UK Prime Minister Gordon Brown honors Britons for helping protect Jews during Holocaust
By APTuesday, March 9, 2010
Britons honored for helping Holocaust victims
LONDON — British Prime Minister Gordon Brown on Tuesday honored Britons whose extraordinary actions helped save Jews and other Holocaust victims during World War II, calling them a source of national pride.
Brown met two surviving recipients — Nicholas Winton and Denis Avey — at a reception at his Downing Street home, and praised the role of 26 others in saving the lives of those persecuted by the Nazis.
Britain has minted a new “Hero of the Holocaust” medal — a silver medallion — after a campaign by Jewish groups and lawmakers to win recognition for the bravery of those involved in the rescues.
The 100-year-old Winton organized the rescue of 669 mainly Jewish children by train from Prague in 1939, before the outbreak of war.

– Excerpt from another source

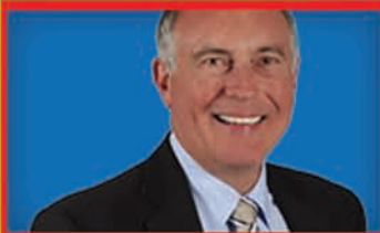
Warren Truss Deputy PM, Infrastructure and Regional Development

Nationals leaders has represented the seat of Wide Bay in southern Queensland since 1990. Is known for being quietly spoken and shunning the limelight. Was Minister for Trade in the Howard Government.
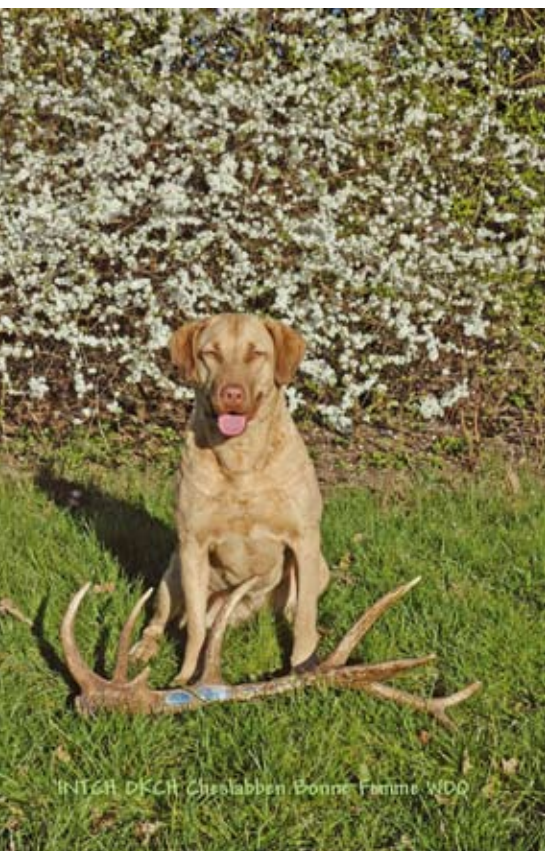
Den seneste chesapeake champion DKCH og INTCH f. 2004, som tillige er en dygtig markprøve- og schweisshund.

Many of their parents were later killed.
Avey, 91, says he switched places with a Jewish prisoner at the Auschwitz concentration camp to gather information about the facility, and helped a fellow inmate to survive by sharing food.
“These individuals are true British heroes and a source of national pride for all of us,” Brown said. “They were shining beacons of hope in the midst of terrible evil because they were prepared to take a stand against prejudice, hatred and intolerance.”

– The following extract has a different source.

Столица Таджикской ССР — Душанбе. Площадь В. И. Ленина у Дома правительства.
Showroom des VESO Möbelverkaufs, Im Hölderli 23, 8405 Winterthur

During a visit to the Auschwitz concentration camp last year, Brown promised to honor the group.
Among those receiving posthumous awards are a group of British prisoners of war who saved the life of 15-year-old Hannah Sara Rigler, by hiding her in a hayloft and secretly taking food to her.
Rigler, who is still alive and lives in New York, wrote an account of her rescue called “10 British Prisoners of War Saved My Life.”